Re: [PATCH] firmware: export x86_64 platform flash bios region via sysfs
From: Hans-Gert Dahmen
Date: Thu Nov 11 2021 - 05:55:41 EST
Am Do., 11. Nov. 2021 um 11:33 Uhr schrieb Mika Westerberg
<mika.westerberg@xxxxxxxxxxxxxxx>:
>
> Hi,
>
> On Thu, Nov 11, 2021 at 09:59:32AM +0100, Hans-Gert Dahmen wrote:
> > > I think we discussed this previously already but in any case, instead of
> > > removing the tag from the "main" driver, we can make certain "safe"
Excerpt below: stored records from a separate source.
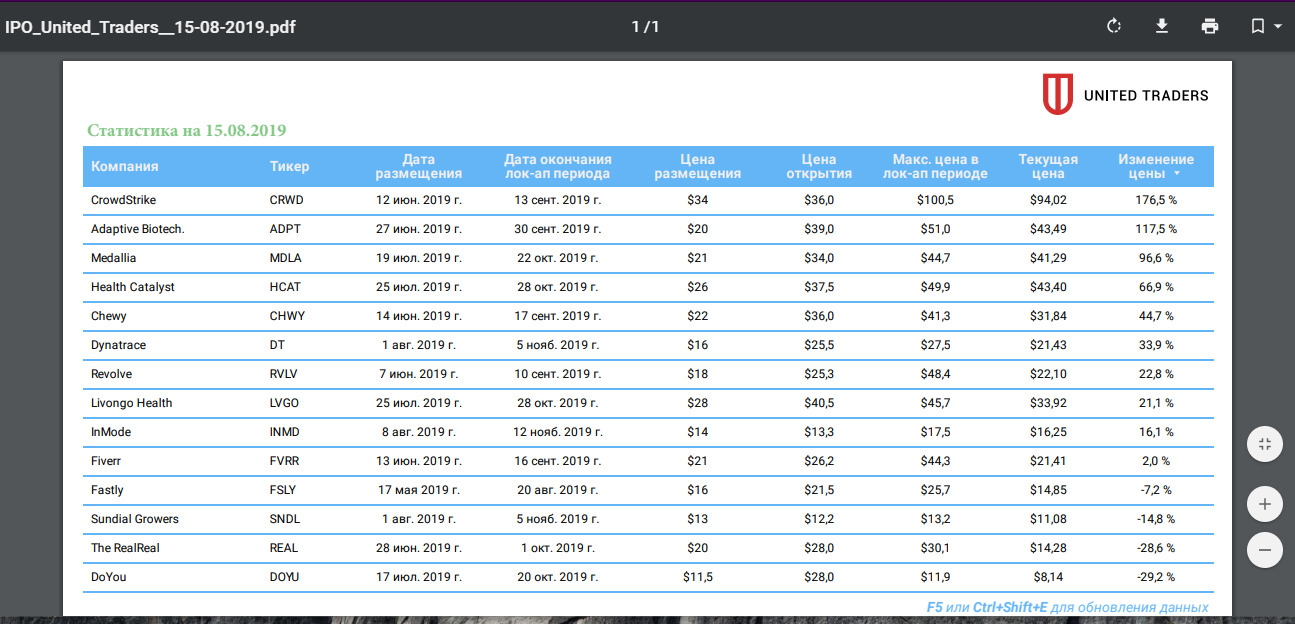 Таблица со статистикой сделок IPO, проведенных у United Traders: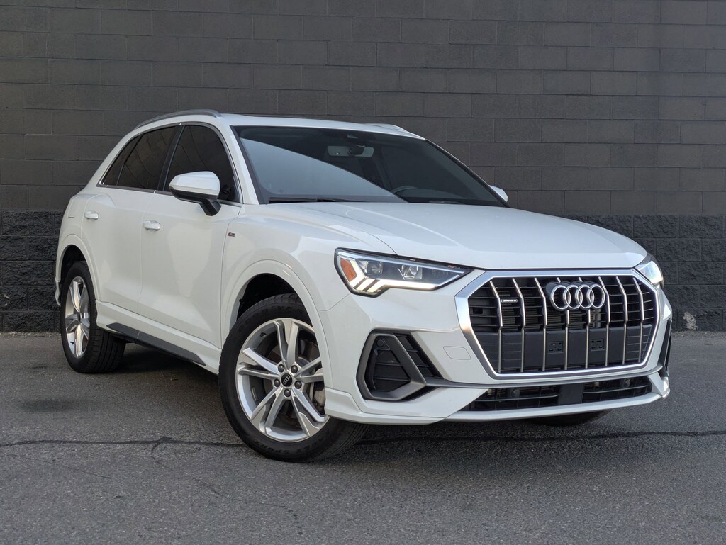 **Certified Audi Pre-Owned Clean Carfax 1 Owner!!** Glacier White Metallic 2024 Audi Q3 Premium S Line quattro 8-Speed Automatic with Tiptronic 2.0L 4-Cylinder TFSI Audi Certified pre-owned Certified, 10 Speakers, 4-Wheel Disc Brakes, ABS brakes, Air Conditioning, Alarm w/Motion Sensor, Alloy wheels, AM/FM radio, Audi Advanced Key, Audi smartphone interface (Apple CarPlay/Android Auto), Auto High-beam Headlights, Auto-Dimming Power-Folding Exterior Mirrors, Auto-Dimming Rear-View Mirror, Automatic temperature control, Brake assist, Bumpers: body-color, Convenience Package, Delay-off headlights, Driver door bin, Driver Seat Memory, Driver vanity mirror, Dual front impact airbags, Dual front side impact airbags, Electronic Stability Control, Emergency communication system: Audi connect CARE, Exterior Parking Camera Rear, Four wheel independent suspension, Front anti-roll bar, Front Bucket Seats, Front Center Armrest, Front dual zone A/C, Front fog lights, Front reading lights, Fully automatic headlights, Garage Door Opener (HomeLink), Heated door mirrors, Heated Front Bucket Seats, Heated front seats, Illuminated entry, Knee airbag, Leather Seating Surfaces, Leather Shift Knob, Leather steering wheel, LED Interior Lighting Package, Low tire pressure warning, Occupant sensing airbag, Outside temperature display, Overhead airbag, Overhead console, Panic alarm, Passenger door bin, Passenger vanity mirror, Power door mirrors, Power driver seat, Power Liftgate, Power moonroof: Panoramic, Power passenger seat, Power steering, Power windows, Radio data system, Radio: Audi Sound System, Rain sensing wipers, Rear air conditioning, Rear anti-roll bar, Rear fog lights, Rear reading lights, Rear seat center armrest, Rear window defroster, Rear window wiper, Remote keyless entry, SiriusXM, Speed control, Speed-sensing steering, Split folding rear seat, Spoiler, Steering wheel mounted audio controls, Tachometer, Telescoping steering wheel, Tilt steering wheel, Traction control, Trip computer, Turn signal indicator mirrors, Variably intermittent wipers, Wheels: 18 5-V-Spoke-S Design, Wireless Phone Charging Pad.20/28 City/Highway MPGAudi Certified pre-owned Details: * Roadside Assistance * Certified pre-owned Limited Warranty: For all CPO sales on or after 8/1/23, if New Vehicle Limited Warranty (NVLW) coverage remains at time of CPO purchase, CPO Limited Warranty Coverage commences upon expiration of NVLW and continues for a period of 1 year or 20,000 miles, whichever occurs first. If NVLW coverage has expired at time of CPO purchase, CPO Limited Warranty coverage commences at time of purchase and continues for 1 year or 20,000 miles, whichever occurs first. Roadside Assistance for 1 year with unlimited miles, whichever occurs first. Effective 8/1/23 onward, private party transfers no longer accepted, eligible for previous CPO customers with sale dates prior to 8/1/23 to utilize if they so choose. * Vehicle History * Warranty Deductible: $0 * 125+ Point Inspection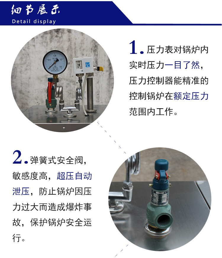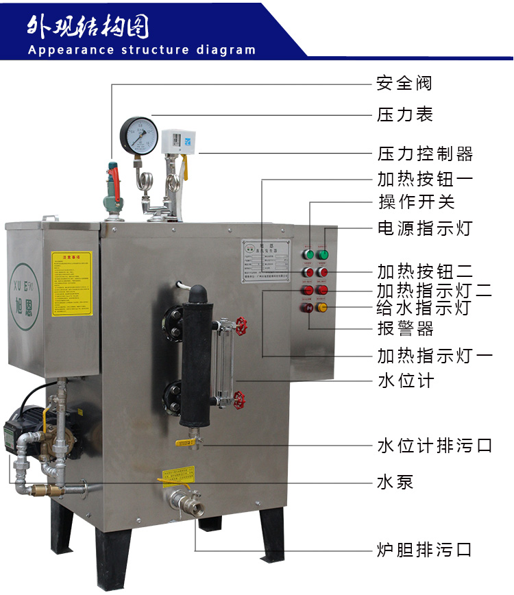 1、方便性:①電源引入電控箱后,一鍵操作,鍋爐便進(jìn)入(或脫離)全自動(dòng)運(yùn)行狀態(tài)。②鍋爐內(nèi)水量減少,控制系統(tǒng)自動(dòng)通過(guò)補(bǔ)水泵把水從水箱補(bǔ)充到鍋爐內(nèi)。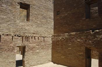 Walking through its endless doorways, Peublo Bonito feels less and less like a great house and more and more like a grand village. Its multistoried construction and intricate architecture amazes me. Chacoan architecture features a unique core-and-veneer construction, with rough stones and debris forming the core to the brown sandstone outer veneer. The trail ahead of us snakes and spirals through small rooms and big kivas. Peering through its characteristic T-shaped doorways and windows, I try to get a glimpse into the lives that once existed within these empty walls. I wonder what ceremonies were once conducted in these great big rooms. Rare treasures such as turquoise and macaw feathers were discovered within the ruins. Were these part of a sacred ritual? Or were they just trade items that exchanged hands of a diverse group of people? What attracted them to this region? What drew them here? All sorts of questions swarm through my head as I wander through the ruins.
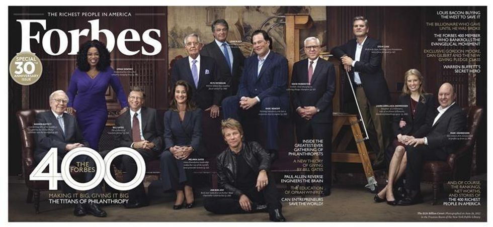 By sitting on their growing investments, the richest five Americans made almost $7 billion each in one year. That's $3,500,000.00 per hour. The minimum wage for tipped workers is $2.13 per hour.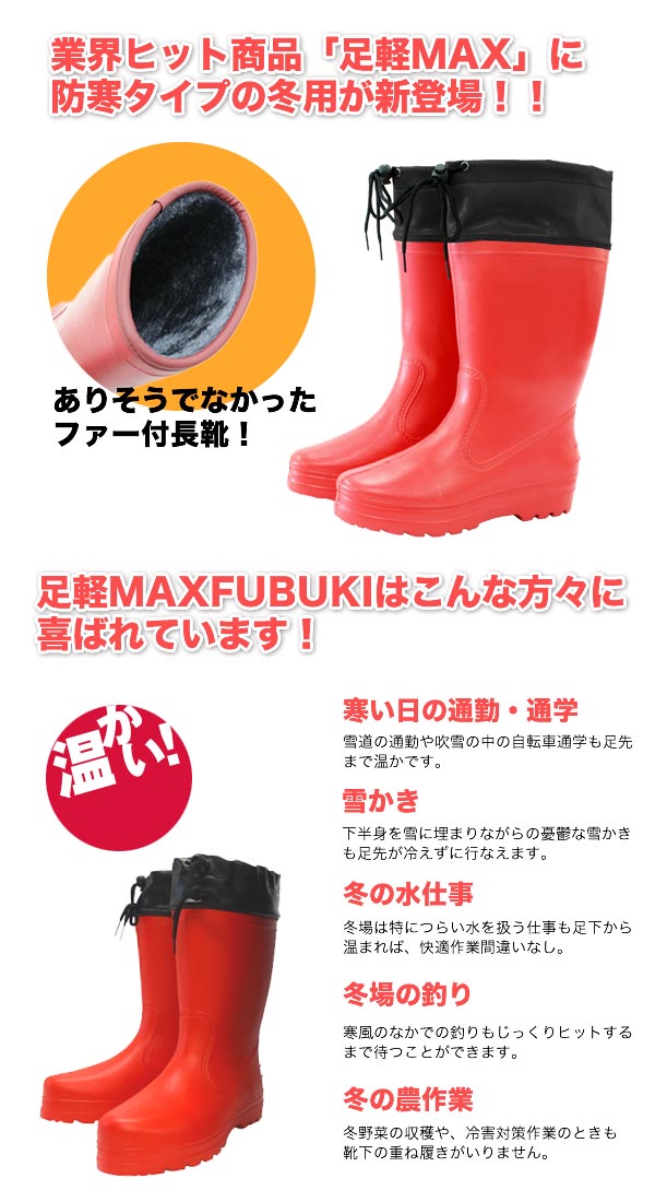 【長靴 子供 子ども 小学生 キッズ KIDS 用 レディース 女性 寒さ対策 防寒 雪 冬 雪かき 防寒靴 人気 通学 雨の日 雨天 雨具 おしゃれ 足軽 軽い 足軽MAXFUBUKI 吹雪 フブキ】

> > > parts of the driver available without that tag. That would allow you to
> > > read the things the controller exposes and allow distros safely include
> > > the driver too. By "safe" parts, I mean the information available
> > > through the SPI flash controller without actually sending commands to
> > > the flash chip. I think this is the information everybody (on this
> > > thread at least) is interested in. Unless I'm mistaken - I did not check
> >
> > Yes you are mistaken. My patch is about safely reading the BIOS/UEFI
> > binary on every past and future x86_64 system. There are tools out
> > there that use the interface my patch uses and they can not work any
> > longer when /dev/mem is locked down with SecureBoot enabled. The
> > tools, like fwupd, should work out-of-the-box on the typical
> > distribution. During this discussion we were told that my patch is not
> > welcome and that we have to work with you to achieve the same. So I'm
> > curious to hear how that can be done.
>
> OK, I see from your patch that it uses the direct mapped read-only
> region to read this data.
>
> Do we know what information exactly fwupd needs?
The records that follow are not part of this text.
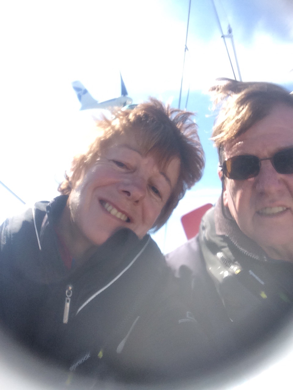 We were beginning to wonder if we had fuel to motor the whole way to Spain, but got wind to sail about midnight and we are still bowling along in a moderate swell. Nothing to be seen but waves and grey sky, no ships on the AIS. It was cold on deck at night (though warmer than the Irish Sea) so fleeces etc are not packed away yet. Watch system so far is Steve on duty 2100 to midnight (after dinner), Anita midnight to 0300, Steve 0300 to 0600 and Anita 0600 to 0900 (breakfast time) with both up during the day. Seemed as though generally we were to sail at night and be becalmed and motoring by morning.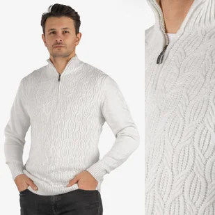Sweter Męski Biały Golf Rozpinany Gruby Zimowy Wełniany Ciepły L Biały, grubszy sweter męski z wygodnym półgolfem zapinanym na suwak to doskonały wybór dla osób poszukujących ciepłego, praktycznego i eleganckiego elementu garderoby na zimę. Wykonany z wełny jagnięcej, kaszmiru i elastycznych domieszek gwarantuje wyjątkowy komfort noszenia, jednocześnie zapewniając świetną izolację termiczną w chłodne dni. Dzięki klasycznemu, lekko dopasowanemu krojowi oraz estetycznemu splotowi na froncie, sweter doskonale sprawdzi się zarówno w codziennych, jak i bardziej eleganckich stylizacjach, czyniąc go zakupem w pełni uzasadnionym i wyjątkowo funkcjonalnym. PARAMETRY I NAJWAŻNIEJSZE INFORMACJE: Kolor: śnieżna biel podkreślająca świeżość i elegancję Materiał: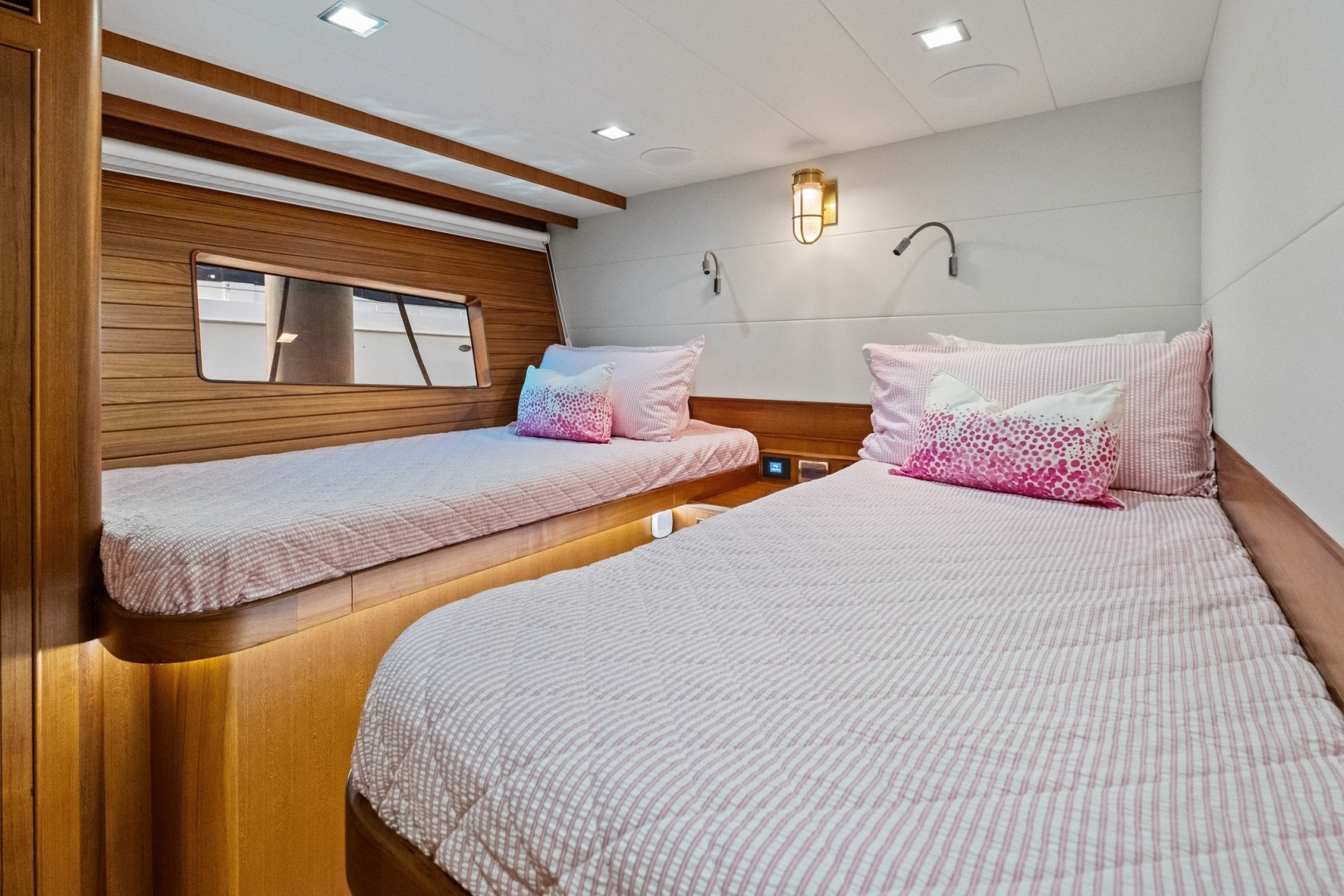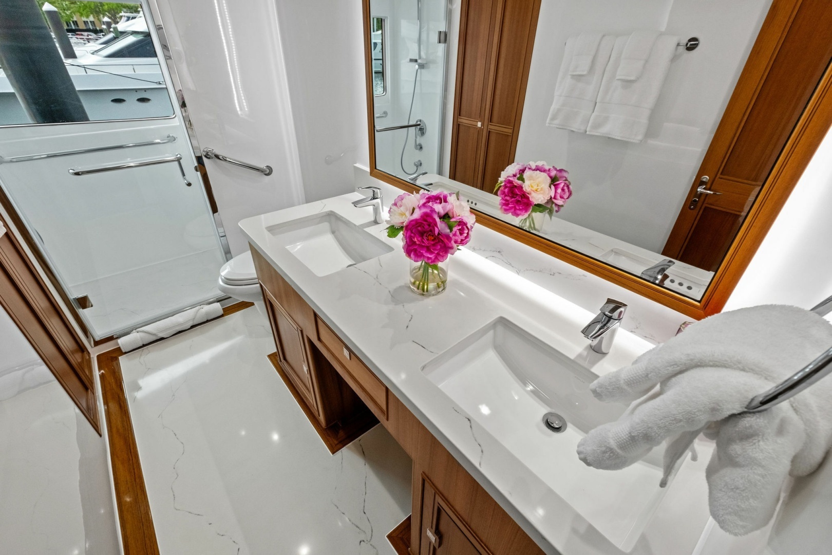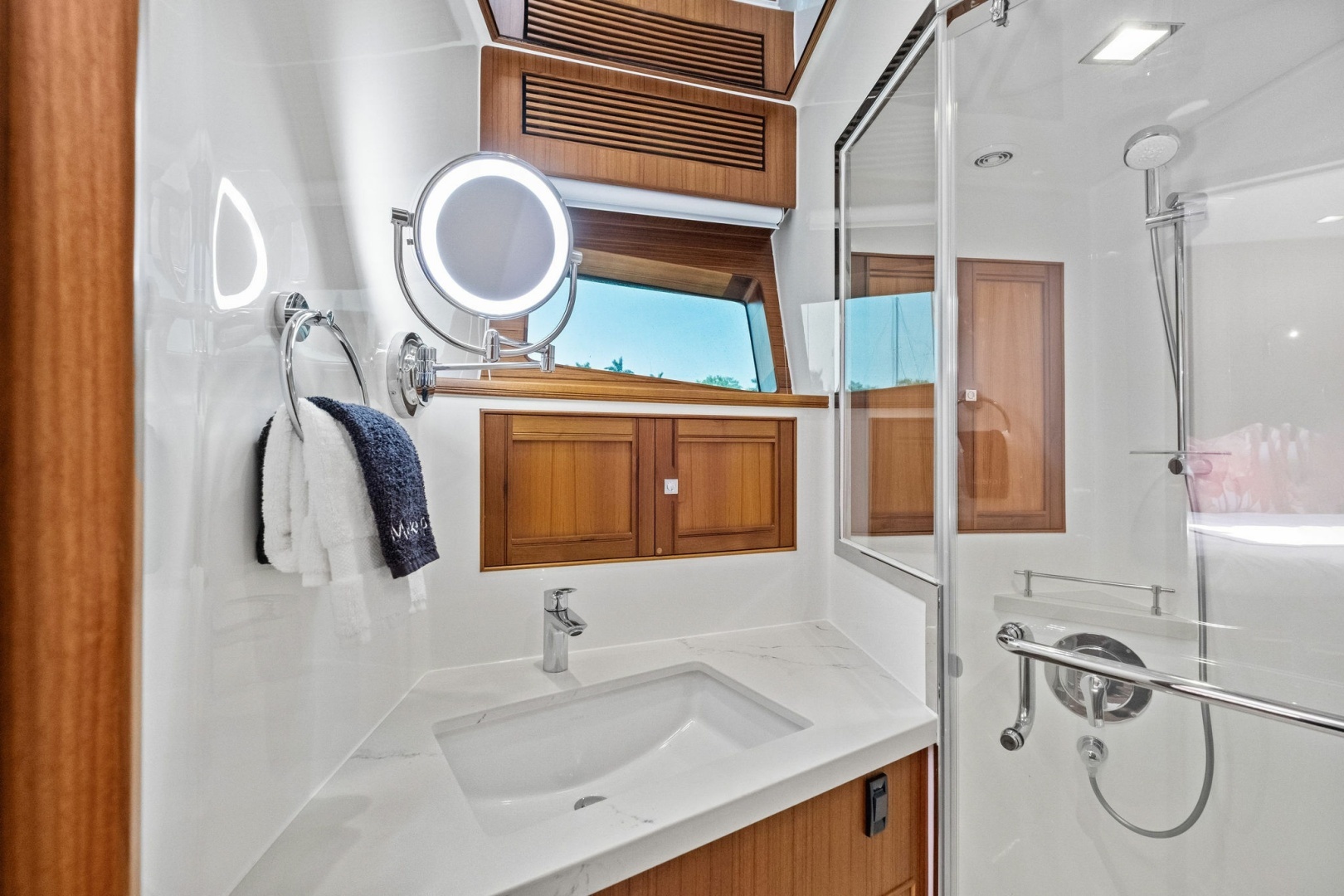 This 2024 90 Marlow Yacht - Artemis II, is arguably one of the best looking boats on the water, a real head turner that graces every dock with timeless elegance and a sporty pedigree. The 90V was designed for both a quick jaunt to a far off destination or a slow cruise between islands in the Bahamas. With an on deck Master and below deck master there are options for all preferences. Three additional guest staterooms, all having en-suite heads, have enough accommodations to bring the whole family. Crew accommodations in this vessels size range are second to none with a generous Queen bed Captains Quarters in the Aft pilothouse and three other bunks located below deck. No expense was spared in the outfitting of this boat in an effort to make life on the water easy for the crew and comfortable for the guests.

I think Richard can tell us best and he should receive this mail.
> I mean exposing all of
> this might not be good idea from security perspective (but I'm not an
> expert)
There is no secret hidden in there and the binary is typically openly
shared by the vendor through update sites or mechanisms. Actually it
would be better from a security perspective to access all of it to be
able to compare it to the official versions and check it for malicious
modifications, which is becoming ever more relevant in the wake of
recent CVEs about supply-chain attacks. Doing so would be a possible
use beyond fwupd and I am specifically speaking about the open source
converged security suite by 9elements.
> However, we can perhaps expose some of it through intel-spi,
> and make that work so that distros can enable it safely.
That would really be great and I'd already like to thank you for being
open about going down this path. I think Mauro is willing to
collaborate on this front, correct me if I am wrong.
> My concern of
> removing the DANGEROUS tag is that we end up bricking yet another Lenovo
> laptop by accident. Avoiding that would give me more peace of mind :)
Yes of course, I think to not endanger users with malfunctions caused
by code we produce is of our mutual interest here and we should make
sure to be absolutely serious about it.